Cool is a town in Parker County, Texas, United States. As of the May 2024 US Census estimates, the population of Cool is 242.

The origin of the name "Cool" is not officially recorded; it is believed to have derived from settlers who observed lower temperatures than those in surrounding areas.

==Geography==

According to the United States Census Bureau, the city has a total area of 1.6 sqmi, all land.

==History==
Cool was first settled in the late 19th century as part of the broader westward expansion in North Central Texas. The community developed around agriculture, primarily cotton and cattle ranching. The town's name is believed to have originated from a traveler's remark about the area's refreshing conditions, a story that became local legend. A post office was established in 1906, formalizing the name.

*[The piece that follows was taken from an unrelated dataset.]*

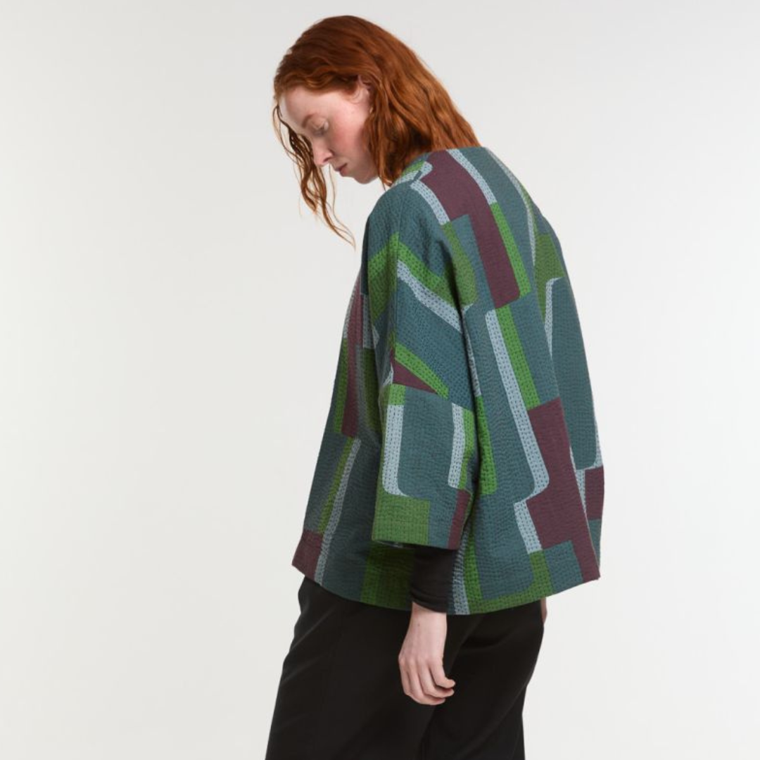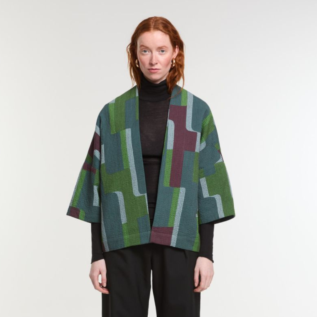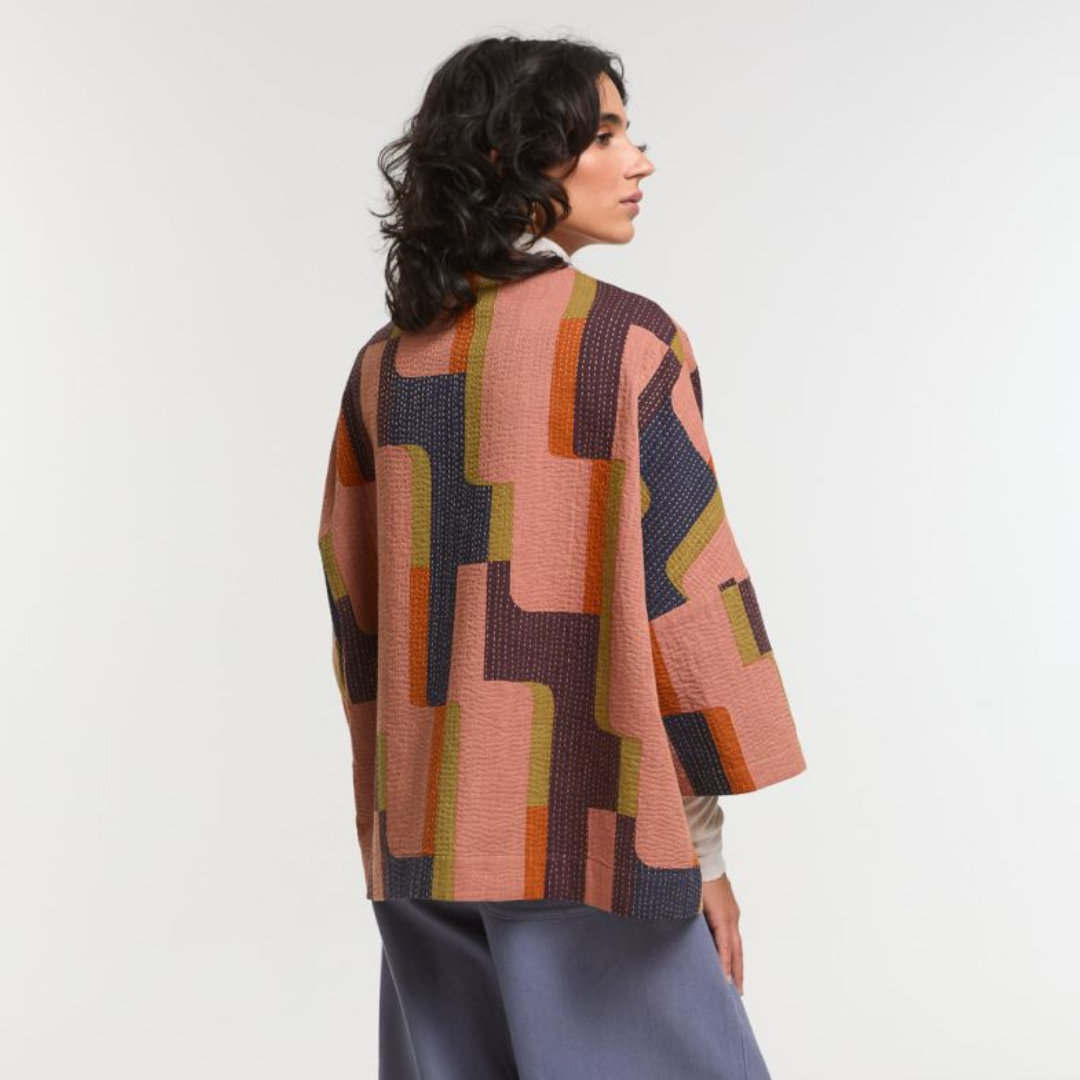 En smuk og unik jakke fra Mapoesie Paris, fremstillet i 100% bomuld og håndbroderet efter den traditionelle indiske kantha-teknik.

Though nearby Mineral Wells grew rapidly due to its mineral springs, Cool remained a small rural settlement throughout the 20th century. Mechanized farming and urban migration led to a gradual population decline after World War II. Interest in rural living brought modest growth in the late 20th century, and the city was officially incorporated in 1990.

==Demographics==

Historical population
| Census | Pop. | Note | %± |
| 1970 | 237 |  | — |
| 1980 | 202 |  | −14.8% |
| 1990 | 214 |  | 5.9% |
| 2000 | 162 |  | −24.3% |
| 2010 | 157 |  | −3.1% |
| 2020 | 211 |  | 34.4% |
U.S. Decennial Census

===2020 census===

As of the 2020 census, Cool had a population of 211. The median age was 47.2 years; 18.0% of residents were under the age of 18, and 26.1% of residents were 65 years of age or older. For every 100 females there were 86.7 males, and for every 100 females age 18 and over there were 86.0 males age 18 and over.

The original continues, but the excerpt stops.